Force 1 — Personal incentive

„This new technology lets me earn more.” Pure rational calculation.

Force 2 — Social pressure

„Everyone else is adopting it. If I don’t, I’ll fall behind.” The herd instinct.

Together, these two forces create a powerful engine of catch-up growth — especially for countries that are far behind the technological frontier. The further behind you are, the faster you can theoretically catch up, because the gap between your current state and what’s possible is enormous.


The Mathematics of Catching Up

To turn this intuition into something testable, the researchers built a mathematical model. It is elegant in its simplicity: each country begins at some level of technological development, the most advanced countries set a moving frontier, and lagging nations close the gap over time — but not at the same rate.

As a country nears the frontier, the pace of catch-up slows. This makes intuitive sense: there are fewer obvious imitation opportunities left, and the remaining innovations are genuinely hard to copy. The model produces a characteristic S-shaped curve of productivity growth.

The researchers tested this model against decades of real data from Central and Eastern European countries, comparing them against benchmarks like Germany and the United States. The fit was striking. Countries genuinely do follow the predicted trajectory — accelerating when far behind, slowing as they approach the leaders.


The Secret Variable: Debt

But not all countries catch up at the same speed. Some sprint. Others jog. A few stumble. What explains the difference?

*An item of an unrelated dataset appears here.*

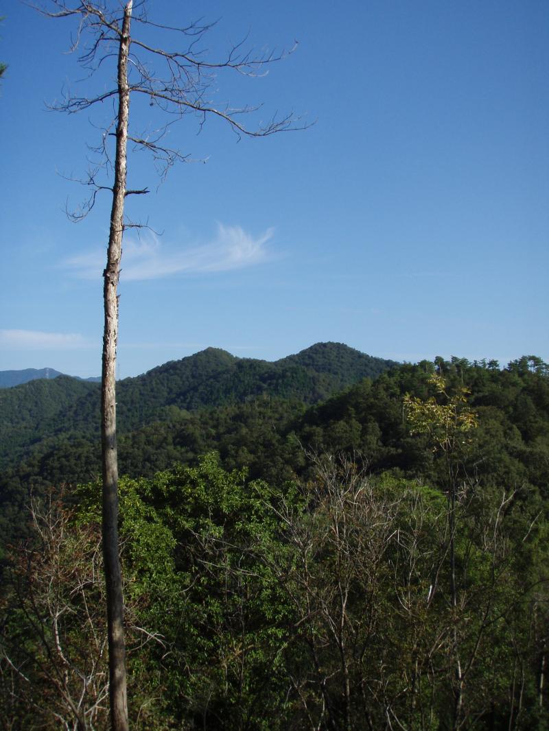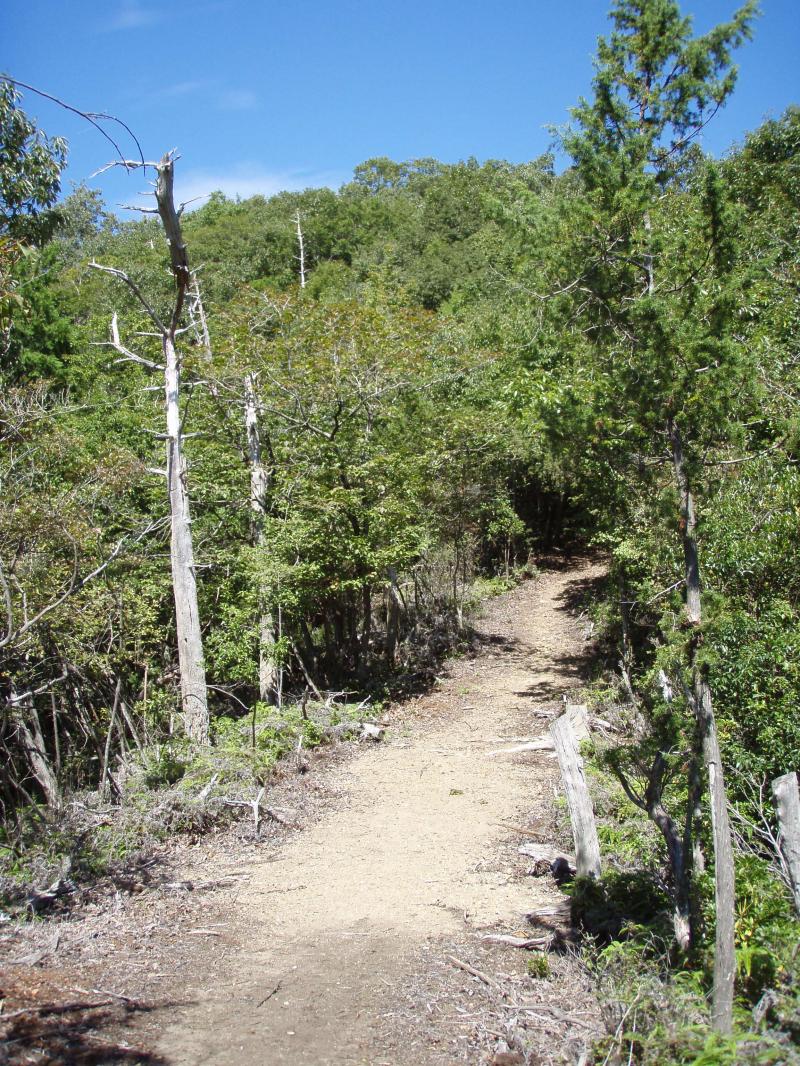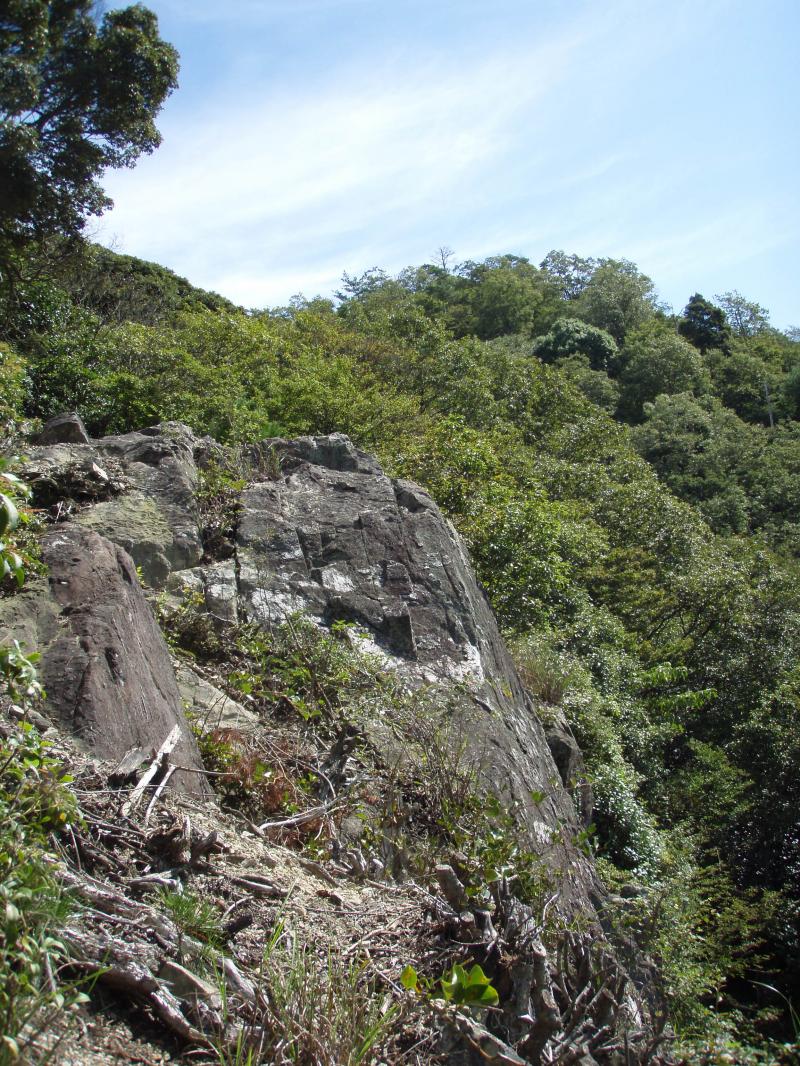 山頂から先は風通しが良くなり、道幅も広くなって植物のトゲに引っ掛かる事もなく、蜘蛛の巣も少なくなって快適な縦走を楽しめます。30分ちょっとで「東ののぞき」に到着。修験者が修行で使用したのか錆びた鎖が残置されたままでした。

The researchers found a surprisingly powerful predictor: private sector debt. Specifically, the level of household and corporate borrowing from banks.

Key Finding In one of their papers, the authors demonstrate that the single greatest influence on a Central or Eastern European country’s catch-up speed is the trajectory of its private debt. Countries that built up excessive credit before the 2008 financial crisis are still paying the price — literally — in slower productivity growth.

Countries that over-borrowed before 2008 spent the following decade deleveraging — paying down debt rather than investing in new technologies. This depressed their catch-up speed precisely when they should have been accelerating.

Lithuania’s story is the inverse. It entered the 2008 crisis with relatively modest private debt levels. The crisis was painful — Lithuania suffered one of the sharpest GDP contractions in the EU — but the country emerged leaner, with its balance sheets clean and its capacity to invest intact. The low-debt position, the model suggests, is the structural reason Lithuania has since been able to grow so fast.

#1 Projected CEE ranking by GDP per capita in 2030
1995 Start year for the CEE economic dataset used in the model
2050 Forecast horizon in the longer-term model projections

Contrasts: Romania Rockets, Slovenia Stalls

The elegance of the model lies in what it reveals about individual countries’ trajectories. Two contrasting cases stand out.

Romania started from a very low productivity base — which actually works in its favour. With such a large gap to close, even modest technology adoption generates dramatic percentage gains. The model projects rapid growth continuing well into the 2030s.

Slovenia, meanwhile, presents a cautionary tale. It began from a higher base than most CEE countries — closer to the Western European frontier — but its private debt dynamics have weighed on its catch-up speed. The model predicts slower convergence, confirming what the data has shown for the past decade.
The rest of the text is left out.